### [ASSIGNMENT]
Apart from the pictures, every entry must be retyped exactly.

### [ENTRIES PROVIDED]

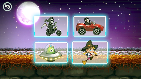 Нет ничего приятней и веселей, чем прокатиться с ветерком ночью во время Хэллоуина. Выбираем для себя героя: Дракулу на автомобиле, ведьмочку Сабрину на метле, Призрака на мотоцикле и даже пришельца Боба на его летающей тарелке, и отправляемся в полет-заезд. Управление тут элементарное, к тому же в этой игре нельзя разбиться. Так что двигаемся вперед, собираем звездочки, крутим флипы и любуемся настоящим «мрачным» пейзажем с привидениями, тыквами и прочими веселостями нечистой силы.
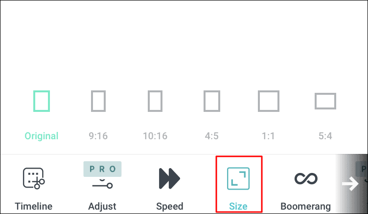 The next option is to change the size of the video. To change the size of the video, select a different aspect ratio from the ones listed on the screen just above the menu with all the tabs.
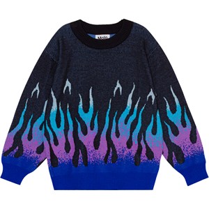 Donkergrijze gebreide biologische trui met een grafische vlammenmotief dat begint onderaan de mouwen en het lijf en omhoog beweegt in verschillende kleuren, variërend van blauw tot paars en turquoise, om de illusie van een klimmend vuur te creëren. De trui heeft een ruimvallende pasvorm en heeft een ronde hals met ribboord en een ribboord rond de mouwen en onderkant.
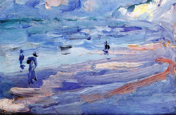 Childe Hassam’s painting presents a scene with wild swans, probably made with oils. The painting is made with a real looseness of mark making, particularly in the scrubby foreground. It's like he’s trying to record an impression rather than a perfect depiction. The color palette is quite muted and earthy, mostly browns and blues, giving it a kind of classical feel, which feels appropriate given the title. Looking at the texture, the paint seems applied pretty thinly, almost like a stain in places, which lets the surface breathe. The gestures in the foreground create this chaotic energy that contrasts with the serene figures by the water. I find it interesting how he suggests form with just a few strokes, especially in the figures. It reminds me of some of Manet’s work, where the figure becomes part of the landscape. I think it’s art that embraces the sketchiness, and invites us to complete the image in our minds.
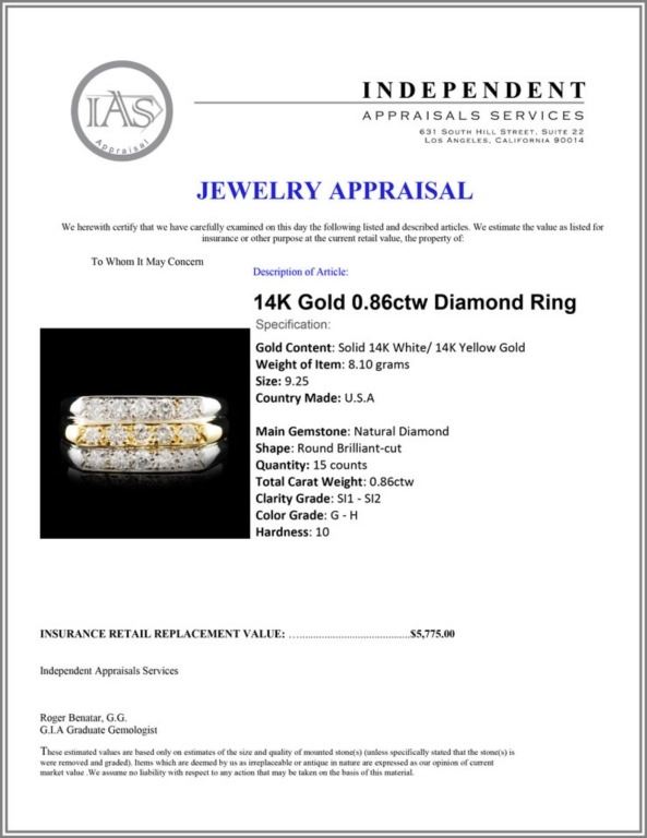 Regarding Appraised Jewelry and Loose Stones - Auctionfarm sends them out to a third party for Retail Replacement Value Appraisals, which are the most common. These types of evaluations are written for insurance needs. This would be the cost to replace the jewelry with an item of equal quality and kind, considered to be the current market price or the replacement value. This type of appraisal is done to protect you in the event of damage or loss of a valuable item. Our appraisals are conducted by independent 3rd Party appraisal firms that utilizes Certified GIA Gemologist. Appraisals should be used for verification of gemstone and/or metal weight, size, and grade only, not actual value. Appraisal value should be considered for insurance purposes only, not actual value, as price varies greatly from retail locations thru out the world. Items should not be purchased with the expectation to resell for appraisal price, or for profit.

### [EXERCISE ANSWER]
 Нет ничего приятней и веселей, чем прокатиться с ветерком ночью во время Хэллоуина. Выбираем для себя героя: Дракулу на автомобиле, ведьмочку Сабрину на метле, Призрака на мотоцикле и даже пришельца Боба на его летающей тарелке, и отправляемся в полет-заезд. Управление тут элементарное, к тому же в этой игре нельзя разбиться. Так что двигаемся вперед, собираем звездочки, крутим флипы и любуемся настоящим «мрачным» пейзажем с привидениями, тыквами и прочими веселостями нечистой силы.
 The next option is to change the size of the video. To change the size of the video, select a different aspect ratio from the ones listed on the screen just above the menu with all the tabs.
 Donkergrijze gebreide biologische trui met een grafische vlammenmotief dat begint onderaan de mouwen en het lijf en omhoog beweegt in verschillende kleuren, variërend van blauw tot paars en turquoise, om de illusie van een klimmend vuur te creëren. De trui heeft een ruimvallende pasvorm en heeft een ronde hals met ribboord en een ribboord rond de mouwen en onderkant.
 Childe Hassam’s painting presents a scene with wild swans, probably made with oils. The painting is made with a real looseness of mark making, particularly in the scrubby foreground. It's like he’s trying to record an impression rather than a perfect depiction. The color palette is quite muted and earthy, mostly browns and blues, giving it a kind of classical feel, which feels appropriate given the title. Looking at the texture, the paint seems applied pretty thinly, almost like a stain in places, which lets the surface breathe. The gestures in the foreground create this chaotic energy that contrasts with the serene figures by the water. I find it interesting how he suggests form with just a few strokes, especially in the figures. It reminds me of some of Manet’s work, where the figure becomes part of the landscape. I think it’s art that embraces the sketchiness, and invites us to complete the image in our minds.
 Regarding Appraised Jewelry and Loose Stones - Auctionfarm sends them out to a third party for Retail Replacement Value Appraisals, which are the most common. These types of evaluations are written for insurance needs. This would be the cost to replace the jewelry with an item of equal quality and kind, considered to be the current market price or the replacement value. This type of appraisal is done to protect you in the event of damage or loss of a valuable item. Our appraisals are conducted by independent 3rd Party appraisal firms that utilizes Certified GIA Gemologist. Appraisals should be used for verification of gemstone and/or metal weight, size, and grade only, not actual value. Appraisal value should be considered for insurance purposes only, not actual value, as price varies greatly from retail locations thru out the world. Items should not be purchased with the expectation to resell for appraisal price, or for profit.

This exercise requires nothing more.